* _Records_:
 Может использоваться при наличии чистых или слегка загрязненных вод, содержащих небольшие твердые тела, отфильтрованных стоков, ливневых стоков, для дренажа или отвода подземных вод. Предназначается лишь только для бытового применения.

* * *

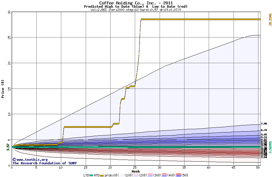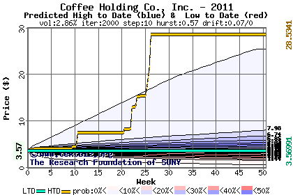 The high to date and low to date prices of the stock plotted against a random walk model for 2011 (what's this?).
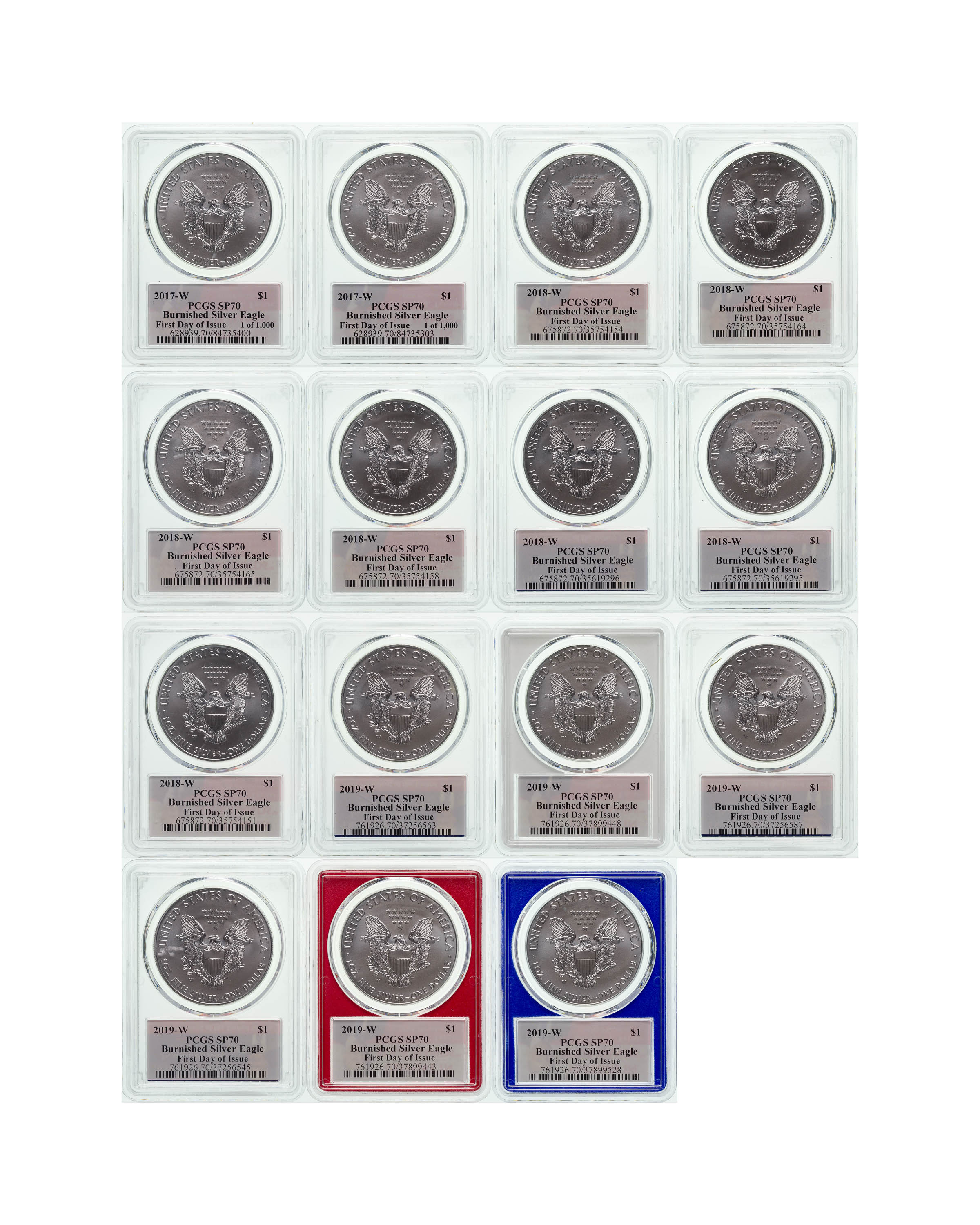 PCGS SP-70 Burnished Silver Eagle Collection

* * *

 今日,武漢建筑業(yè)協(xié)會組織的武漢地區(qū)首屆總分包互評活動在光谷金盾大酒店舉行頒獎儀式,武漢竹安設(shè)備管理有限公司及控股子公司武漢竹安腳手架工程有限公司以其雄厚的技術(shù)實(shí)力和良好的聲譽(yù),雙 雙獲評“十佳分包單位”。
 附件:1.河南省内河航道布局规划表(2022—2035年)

* _Exercise goal_:
Would you copy out exactly the lines above that start at the one containing "今日,武漢建筑業(yè)協(xié)會組" and end at the one containing "附件:1.河南省内河航道布局规划表(2022—2035年)", inclusive?

* _Written answer_:
 今日,武漢建筑業(yè)協(xié)會組織的武漢地區(qū)首屆總分包互評活動在光谷金盾大酒店舉行頒獎儀式,武漢竹安設(shè)備管理有限公司及控股子公司武漢竹安腳手架工程有限公司以其雄厚的技術(shù)實(shí)力和良好的聲譽(yù),雙 雙獲評“十佳分包單位”。
 附件:1.河南省内河航道布局规划表(2022—2035年)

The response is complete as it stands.